## YOUR GOAL
If pictures appear in the lines below, skip them and copy exactly the lines from the one containing "Практична и удобна" through the one containing "為抓好此項工作,通知各項目代", and nothing else.

━━━ EXTRACTED DATA ━━━

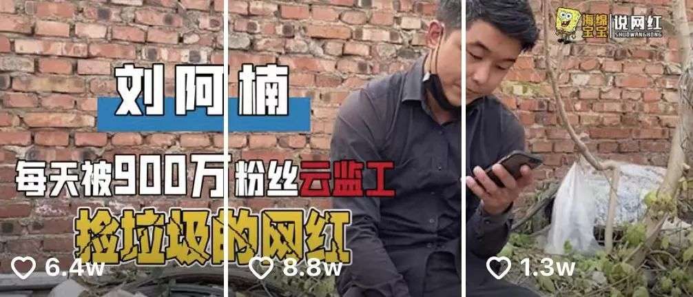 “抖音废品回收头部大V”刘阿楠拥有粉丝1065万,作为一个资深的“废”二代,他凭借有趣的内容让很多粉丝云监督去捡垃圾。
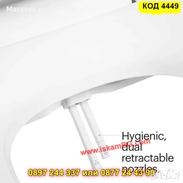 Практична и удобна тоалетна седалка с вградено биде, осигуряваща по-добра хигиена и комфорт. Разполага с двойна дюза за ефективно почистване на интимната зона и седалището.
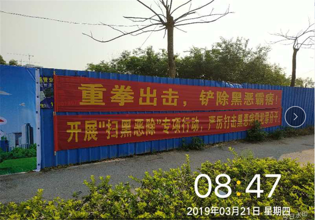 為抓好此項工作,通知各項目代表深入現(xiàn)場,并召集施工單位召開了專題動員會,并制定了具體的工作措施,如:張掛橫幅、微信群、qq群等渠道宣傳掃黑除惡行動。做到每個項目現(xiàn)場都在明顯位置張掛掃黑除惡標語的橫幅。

━━━
━━━ EXTRACTED DATA ━━━

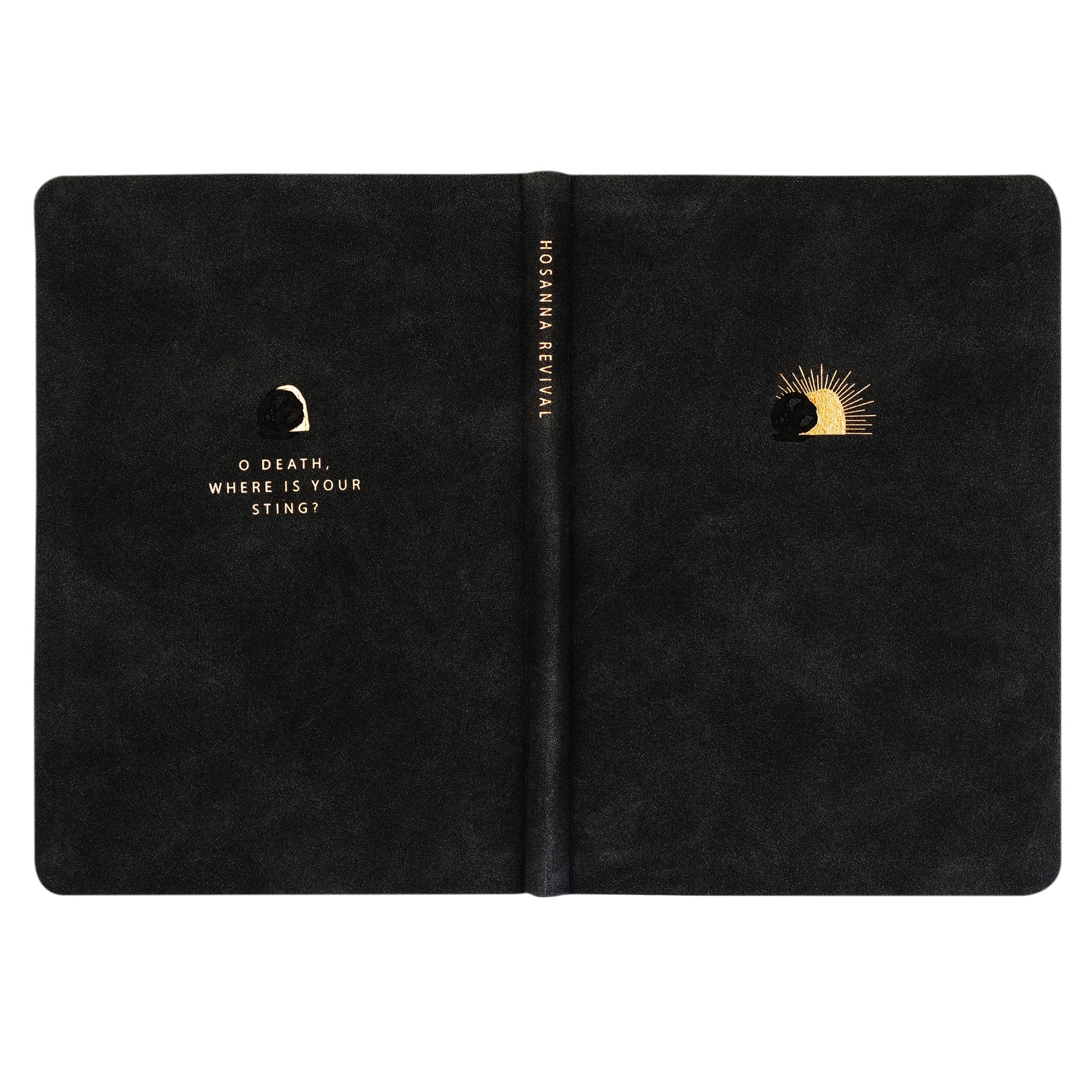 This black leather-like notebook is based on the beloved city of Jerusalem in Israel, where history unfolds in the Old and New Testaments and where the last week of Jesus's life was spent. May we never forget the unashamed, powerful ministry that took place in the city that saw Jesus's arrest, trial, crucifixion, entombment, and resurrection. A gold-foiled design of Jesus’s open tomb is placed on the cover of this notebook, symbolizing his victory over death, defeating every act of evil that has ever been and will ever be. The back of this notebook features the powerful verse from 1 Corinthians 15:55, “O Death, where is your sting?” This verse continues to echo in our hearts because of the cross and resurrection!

━━━

## WRITTEN ANSWER
 Практична и удобна тоалетна седалка с вградено биде, осигуряваща по-добра хигиена и комфорт. Разполага с двойна дюза за ефективно почистване на интимната зона и седалището.
 為抓好此項工作,通知各項目代表深入現(xiàn)場,并召集施工單位召開了專題動員會,并制定了具體的工作措施,如:張掛橫幅、微信群、qq群等渠道宣傳掃黑除惡行動。做到每個項目現(xiàn)場都在明顯位置張掛掃黑除惡標語的橫幅。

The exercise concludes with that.